ATHENS — It was a three-pound spotted bass, Jake Fromm would like the record to show, and if he and his partner had turned it in they would have placed higher in the contest. Oh, and Fromm also reeled in the fish while he was on the phone.
“We didn’t go weigh in there because we only had one fish, but it would have bumped our 200-something finish to like 109th or something,” Fromm said. “It is what it is.”
That was at a college fishing tournament a month ago, at Lake Guntersville in Alabama. On another weekend, Fromm went fishing with a new Georgia football teammate, offensive tackle Cade Mays, and at another point went turkey hunting with childhood friend and Georgia baseball player Tony Locey.
These are the things that Fromm did in the months after a storybook freshman season.
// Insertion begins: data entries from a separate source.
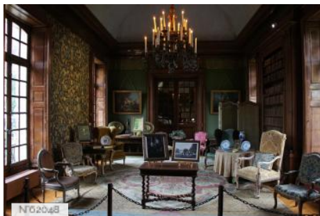
Parc et château de Courances - Galerie des Singes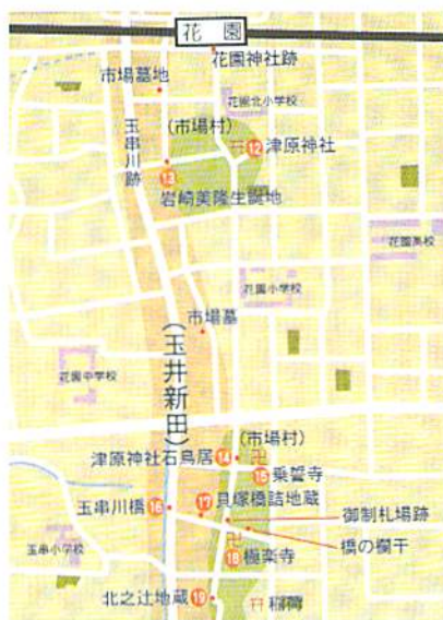
玉串地域の史跡と文化財

花園の地名については、近世において津原神社周辺は市場村花園辻と呼ばれていました。神社の周りに桜が多く植えられたことによるようです。旧字名に「花屋敷」がありました。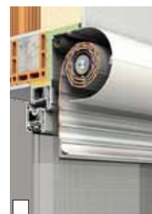
Standardmontage als Linksroller in die Laibung (Abb. XP-System im Wärmedämmverbundsystem mit Sonderausstattung Insektenschutzgitter)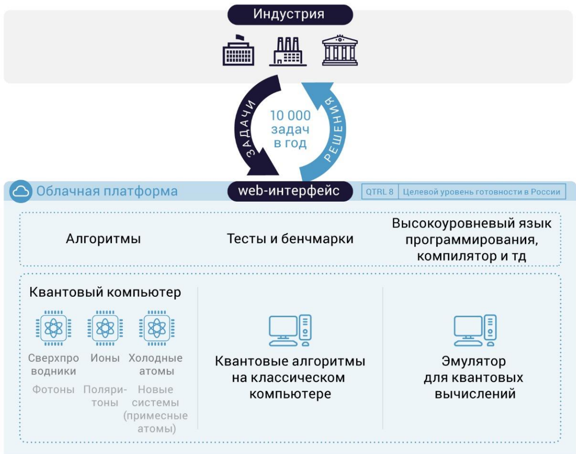
Рис. 1. Квантовые вычисления для решения задач индустрии к 2024 г.

Лидирующие организации: ВНИИА им. Н.Л. Духова; ИАЭ СО РАН; Институт прикладной физики РАН (Нижний Новгород); Институт спектроскопии РАН (ИСАН); ИТФ им. Л.Д. Ландау РАН; ИФП А.В. Ржанова СО РАН; ИФП им. П.Л. Капицы РАН; ИФТТ РАН; КНИТУ–КАИ; КФТИ; КФУ; Московский государственный педагогический университет (МПГУ); МГТУ им Н.Э. Баумана; МФТИ; НИТУ МИСиС; Новосибирский государственный технический университет (НГТУ, Новосибирск); Российский квантовый центр (РКЦ, ООО «МКЦТ»); Сколковский институт науки и технологий (Сколтех); Университет ИТМО (ИТМО); ФИАН им. П.Н. Лебедева; ФТИ им. А.Ф. Иоффе; ФТИАН им. К.А. Валиева РАН; Центр квантовых технологий МГУ им. М.В. Ломоносова (ЦКТ МГУ им. М.В. Ломоносова).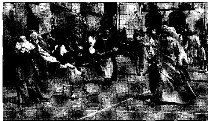
Calendimaggio Nodi da sciogliere per i partaioli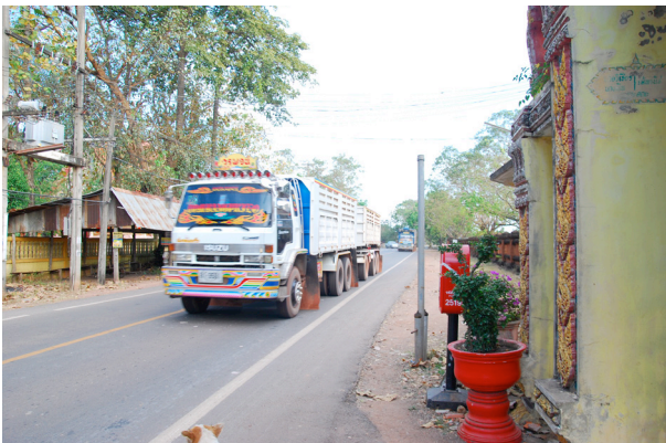
การตัดถนนผ่านกลางวัดต้นโพธิ์ศรีมหาโพธิ์ทำให้วัดแบ่งเป็น ๒ ส่วน นอกจากนั้นการสัญจรของยวดยานพาหนะโดยเฉพาะรถบรรทุกที่มีน้ำหนักมากย่อมทำให้เกิดแรงสั่นสะเทือนส่งผลให้แหล่งศิลปกรรมเสียหายได้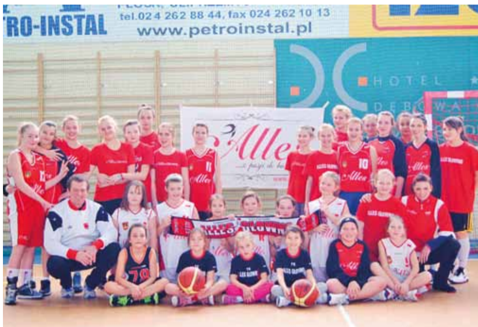
Nastroje w zespole młodych zawodniczek Alles są świetne dzięki wspaniałej współpracy trenerów i jeszcze nieoszlifowanych koszykarskich talentów.

Następna, 11. kolejka odbędzie się 1 lutego: Altkom AZS Politechnika Warszawska - UKS Basket Aleksandrów Łódzki, SMS PZKosz Łomianki - UKS Huragan Wołomin, Hutnik Warszawa - SKK Polonia Warszawa, UKS 4 Ursus Warszawa - Alles Głowno.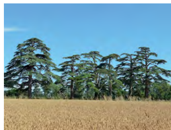
allée de cèdres du Liban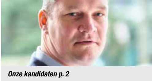
Onze kandidaten p. 2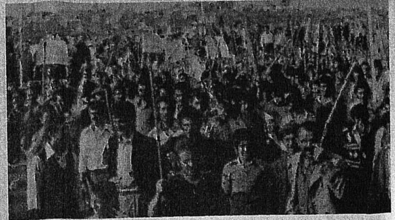
EMEKÇİ HALK,GEÇEKONDULARINI BÖYLE YİĞİNSAL BİR DİRENİME İLE SAVUNDU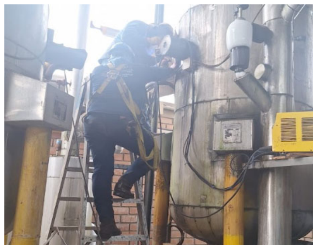
Fig. 2: Instalación de paquete nuevo en tanque.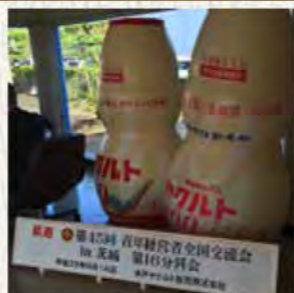
誰もが知っているヤクルト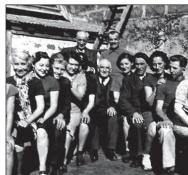
L'exposition présente de nombreux documents qui illustrent cet épisode historique.

Après avoir tournée en Vendée ces cinq dernières années, l'exposition « Des Ardennes à la Vendée :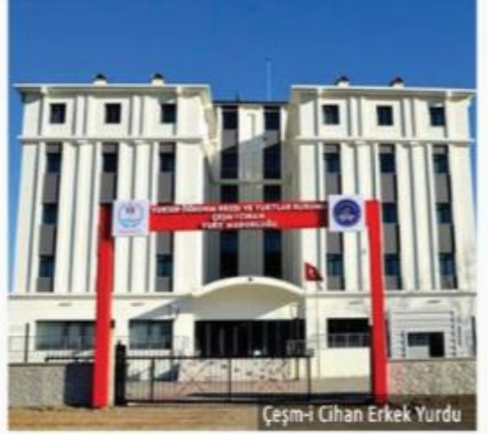
Çeşm-i Cihan Erkek Yurdu

Bartın Çeşm-i Cihan yurdu şehir terminaline çok yakın bir mesafededir. Kutlubey Kampüsü'ne araçla 10 dakika uzaklıkta olan 664 kişilik yurt, şehir merkezine ise 20 dakika mesafededir.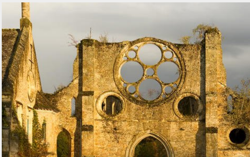
Abbaye des Vaux de Cernay (PNRHVC)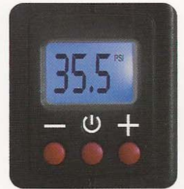
Minus Switch Plus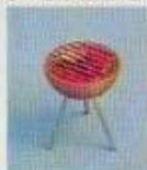
6179 Grill med "glödande kol"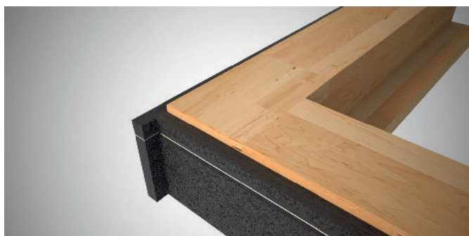
Réalisation des angles en pose en tunnel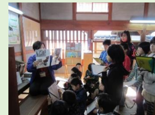
『甚風呂』での学習活動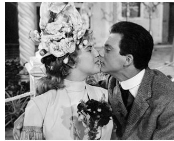
1950 SIGNORINELLA (Signorinella) de Mario Mattoli avec Antonella Lualdi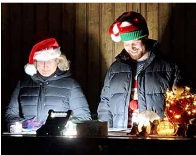
2024-12-12 - Verlorener Keks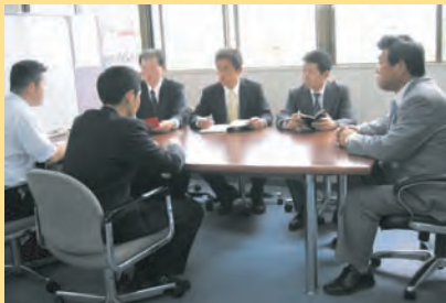
定例ミーティングは情報交換の場です。 さらなる顧客満足実現に向けて、皆が意見を出し合い、 一緒になって考えます。

お客様ごとに、ビジネススタイルやオフィスワークは様々です。 お客様のニーズや潜在的なニーズを掴み、それに応えられること、自ら考え、行動し、変化し、 新たな価値をご提案することにより、お客様満足の向上を目指します。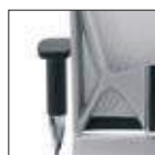
4D Bracciolo regolabile, orientabile, allungabile, allargabile 4D Adjustable, rotating, extensible, stretchable arm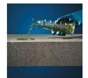
Säure- und chemikalienbeständig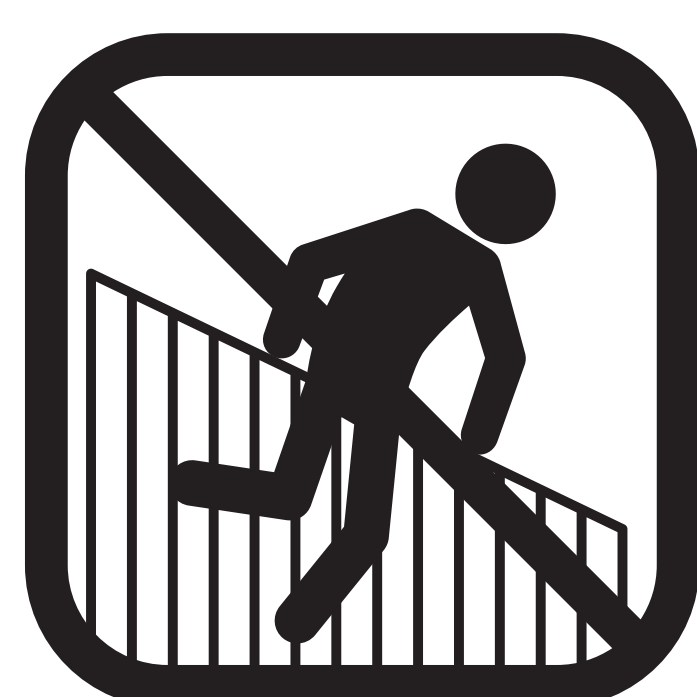
Forcering af hegn

Betaling af ovennævnte afgifter udelukker ikke anvendelse af øvrige sanktioner og retsforfølgelse med krav om erstatning.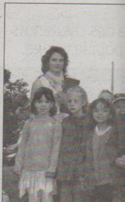
Après avoir travaillé sur L... l'année, les élèves ont dé

Mardi 10 mai, vers 8 h... Moret attendaient le car... avaient rendez-vous avec... Une sortie de fin d'année... maux sauvages après av... maux domestiques tout a... de découvrir un environn... âgés de 2 à 6 ans encadré... sieurs parents d'élèves.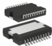
L5956PDTR STMicroelectronics IC VREG MULTIFUNCTION POWERSO20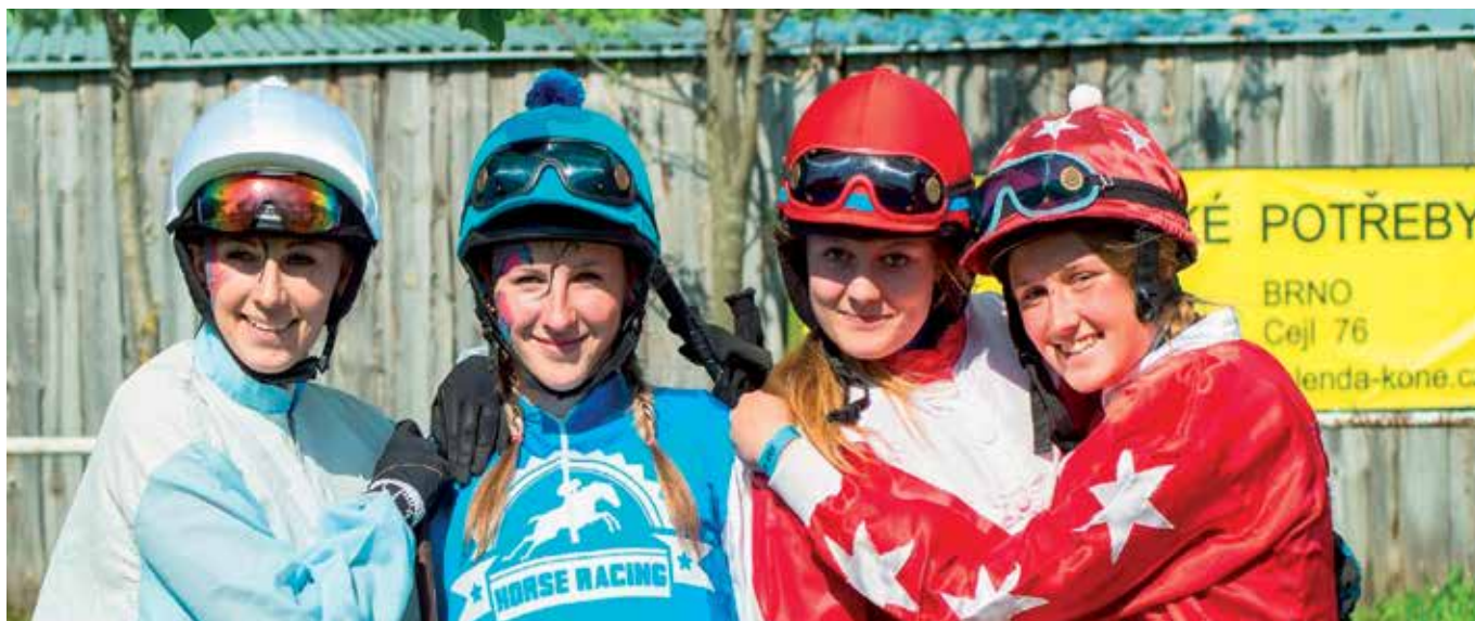
Košské hry 2016, jezdkyňe před startem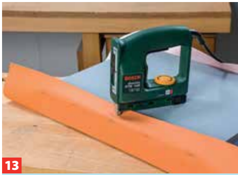
13 Breiten Sie nun das Kunstleder aus und schlagen es an zwei gegenüberliegenden Kanten hoch. Nah am Rand mit dem ...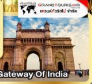
Gateway Of India

พิเศษ! เสริมบาร์มีก่อนใครที่วัด Trishandu Ganesh Temple "คณศวรวงง ศรีสุล"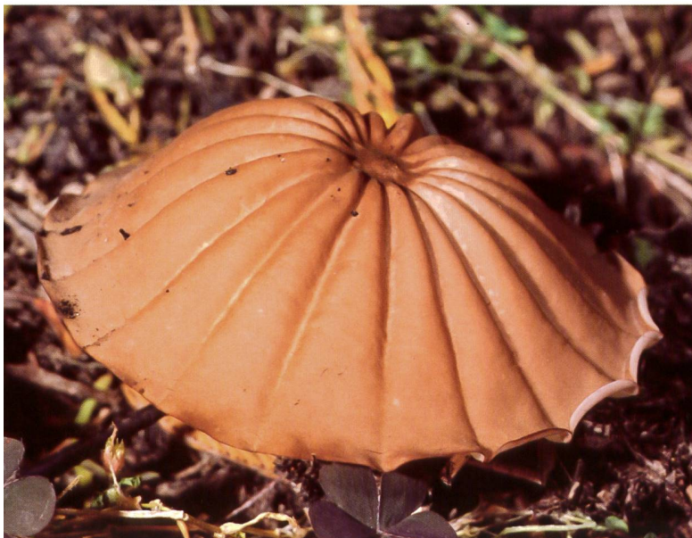
MARASMIUS TEPLICENSIS frische Fruchtkörper | fructifications fraîches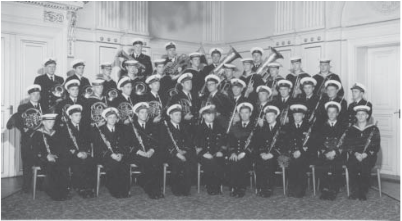
Flottans Musikkår Stadshotellet Karlskrona september 1953.

What he didn’t do was take a breath, sit and reflect on it all. The SEC championship. The Rose Bowl. The near-national championship. He just went back to school and got right back to competing for his job.
“That’s it,” Fromm said, shaking his head and smiling. “It is what it is, man. Some guys love it and I do.”
The kid who can reel in a fish while on the phone — it was on speaker, hands-free — has appeared just as unflappable since the second he arrived on campus last year. Jacob Eason established as the starting quarterback? No big deal. Making your first career start at Notre Dame? No problem. A true freshman starter in the SEC Championship Game, Rose Bowl and National Championship Game? Check, check, check.
So now after doing all that and seemingly proving himself, Fromm finds himself where Eason was last year. Having to fold off a freshman phenom, Justin Fields.
“The same way Jacob was to me, I try to be that way with Justin,” Fromm said. “At the end of the day we learn a lot from each other. It’s a lot of mental reps on each other’s end.”
Fromm was asked if what happened last year keeps him on his toes, knowing a true freshman could end up taking his job.
“I’m still going to be the same guy every single day, even from the day I got here,” Fromm said. “I’m just the kind of guy who goes in and competes, somebody who works his butt off. I’m never going to stop doing that and I don’t expect anybody on the team to stop working on their game. That’s what everybody on the team is doing, competing and working. That’s kind of what we do here.”
Indeed, there’s been no sign this spring that Fromm is bothered by the competition. The buzz has been good on his practices, and when the media has been present hardly a pass seemed to hit the ground.
“Jake, he’s a bright kid. He always has been,” Georgia junior receiver Riley Ridley said. “I just feel like he’s going to keep adding on to that playbook more. And the sky’s the limit for him because he’s a very smart kid.”
Fromm was more than a game manager last season for Georgia. He completed 62.2 percent of his passes, second-best in the SEC among starters, and averaged 9.0 yards per attempt, third in the SEC. He threw 24 touchdowns while only being picked off 7 times.
Making his first media appearance of the spring after practice Thursday, Fromm was asked what he needed to improve on this offseason.
“Trying to get better in the pocket, try to have an even more clearness of the offense and to have better rhythm on my throws,” he said. “Obviously, doing a better job throwing on the run. I’m just trying to take all that in and improve as much as I can.”
When it comes to who is coaching him, there is one seemingly big change: James Coley moved from coaching receivers to quarterbacks, and Jim Chaney, who recruited him to Georgia and coached him as a true freshman, is officially the tight ends coach.
But Fromm said Chaney is still very much involved with the quarterbacks, especially since he’s still the offensive coordinator.
“Not a whole lot different,” Fromm said. “Coach Chaney, Coach Coley, those guys are both still there. In meetings, Coach Coley’s a little more energetic but at the end of the day football is football, and both guys are great. They’re both going to help put the football team in the best situation possible, and I’m just here to help.”
He’s just there to help. No outward sign of cockiness.
You need to mention fishing to draw out that side of Jake Fromm.
“[Mays] caught one a little bit bigger than I did. The next day, I had to kind of get him back,” Fromm said, smiling. “We got that all figured out.”